Sometimes you may want to access a variable both atomically and non-atomically. Which is why I find convinient that on gcc you can write something like :

int var = 0;
var++;
atomic_fetch_add(&var, 1);

However this does not compile with clang 4.0.1 :

error: address argument to atomic operation must be a pointer to _Atomic type ('int *' invalid)
atomic_fetch_add(&var, 1);

The best solution I could find is a cast :

int var = 0;
(*(int*)&var)++;
atomic_fetch_add(&var, 1);

Is there a simpler and portable way to achieve this ?

There are two interfaces in C11 that allow you to act on an atomic object which are less restrictive.

First, you can always overwrite an atomic object, when you know that you are the only one accessing it, usually during an initialization phase, use atomic_init for that.

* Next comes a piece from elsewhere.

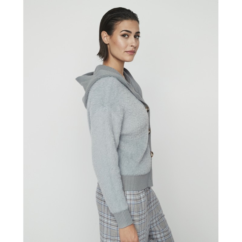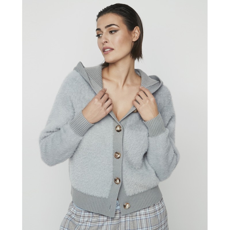 Women's short hooded jacket with front buttons. Ideal for staying warm and stylish this winter.
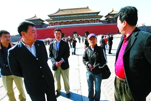 北京市旅游局副局長(zhǎng)于德斌(左2)帶隊(duì)檢查旅游市場(chǎng)時(shí),一名婦女(右2)上前向他自薦黑導(dǎo)游。昨日,北京市旅游局聯(lián)合城管、治安總隊(duì)等到故宮檢查無(wú)證導(dǎo)游帶團(tuán)現(xiàn)象。由于都是便裝,執(zhí)法人員還沒(méi)走到太和殿,一名無(wú)證女導(dǎo)游就迎了上來(lái),詢問(wèn)是否需要導(dǎo)游。執(zhí)法員隨后表明身份,要求她到指定地點(diǎn)接受處理。本報(bào)記者 吳江 傅沙沙 攝影報(bào)道

Second, if you need less guarantees for an access during the execution even with several threads, you can use a less restrictive access mode. Namely you could eg do atomic_fetch_and_add_explicit(&var, 1, memory_order_relaxed) . This still guarantees that your access is indivisible (one of the properties that you want from an atomic) but it doesn't guarantee when another thread sees the updated value.

But generally speaking, if atomic accesses are performance critical, you are doing something wrong. So before you try semantically difficult dealings with atomics, benchmark your code and see if this really is a bottleneck. If so, think first of a way to change your algorithm, eg by doing more computations in local variables that are not subject to races. Only if all of that fails to give you the performance you want, have a look into the different memory semantics that C11 offers.

The abstract machine defined by the C Standard has a rather different view of storage than most real machines. In particular, rather than thinking of memory accesses as actions which can be performed in a variety of different way depending upon required circumstances, it instead views each object has supporting one kind of read and at most one kind of write ( const -qualified objects don't support any kind of write); the kind of read and write required to access an object depend upon its type.

Such an approach may be useful for some kinds of hardware platforms, or for some optimization strategies, but is grossly unsuitable for many kinds of programs running on real-world platforms. Unfortunately, the Standard doesn't recognize any practical way by which programmers can indicate that certain objects should be treated as "ordinary" storage most of the time, but recognize that they require more precise memory semantics at certain specific times during program execution.